AVAILABLE DATA ::
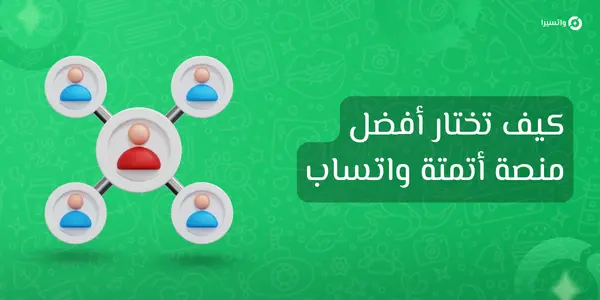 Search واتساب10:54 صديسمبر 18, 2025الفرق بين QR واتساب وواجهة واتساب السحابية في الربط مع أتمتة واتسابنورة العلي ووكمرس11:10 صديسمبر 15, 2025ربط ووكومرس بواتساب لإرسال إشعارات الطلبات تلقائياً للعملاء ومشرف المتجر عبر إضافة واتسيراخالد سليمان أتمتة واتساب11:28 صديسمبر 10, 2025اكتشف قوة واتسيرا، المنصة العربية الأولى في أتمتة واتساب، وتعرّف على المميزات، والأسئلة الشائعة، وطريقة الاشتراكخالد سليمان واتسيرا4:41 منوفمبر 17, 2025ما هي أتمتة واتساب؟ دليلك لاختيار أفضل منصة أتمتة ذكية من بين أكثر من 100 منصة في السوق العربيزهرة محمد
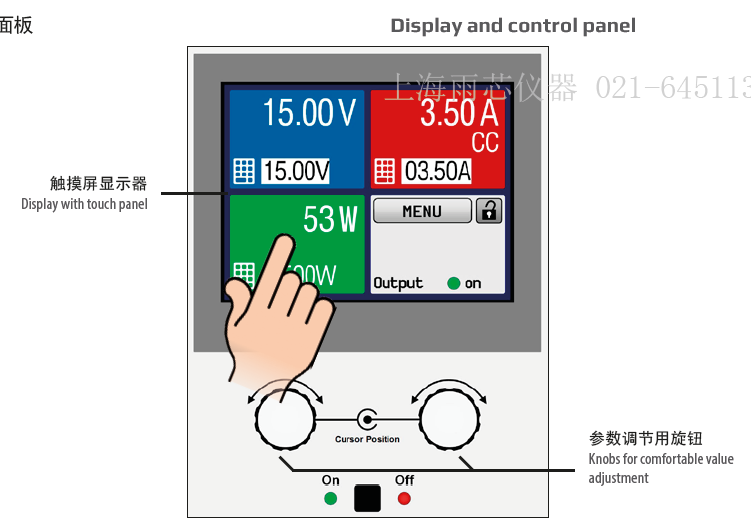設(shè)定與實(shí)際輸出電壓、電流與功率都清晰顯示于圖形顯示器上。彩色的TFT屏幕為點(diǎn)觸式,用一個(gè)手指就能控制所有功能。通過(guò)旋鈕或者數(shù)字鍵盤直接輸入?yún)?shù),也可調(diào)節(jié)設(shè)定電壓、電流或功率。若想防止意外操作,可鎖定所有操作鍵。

...

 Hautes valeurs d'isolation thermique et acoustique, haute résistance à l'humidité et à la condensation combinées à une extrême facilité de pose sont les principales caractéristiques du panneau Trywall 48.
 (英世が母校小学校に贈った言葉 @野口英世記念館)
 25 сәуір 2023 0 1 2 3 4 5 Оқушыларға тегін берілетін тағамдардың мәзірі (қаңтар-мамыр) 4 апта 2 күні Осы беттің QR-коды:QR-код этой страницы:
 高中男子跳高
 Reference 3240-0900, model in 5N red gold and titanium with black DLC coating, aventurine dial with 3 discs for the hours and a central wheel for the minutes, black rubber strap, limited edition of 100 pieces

REQUIRED ACTION :: Please give back exactly the lines of the listing above that run from the one containing "Hautes valeurs d'isolation" through the one containing "Reference 3240-0900, model", and only those.

REPLY TO THE TASK ::
 Hautes valeurs d'isolation thermique et acoustique, haute résistance à l'humidité et à la condensation combinées à une extrême facilité de pose sont les principales caractéristiques du panneau Trywall 48.
 (英世が母校小学校に贈った言葉 @野口英世記念館)
 25 сәуір 2023 0 1 2 3 4 5 Оқушыларға тегін берілетін тағамдардың мәзірі (қаңтар-мамыр) 4 апта 2 күні Осы беттің QR-коды:QR-код этой страницы:
 高中男子跳高
 Reference 3240-0900, model in 5N red gold and titanium with black DLC coating, aventurine dial with 3 discs for the hours and a central wheel for the minutes, black rubber strap, limited edition of 100 pieces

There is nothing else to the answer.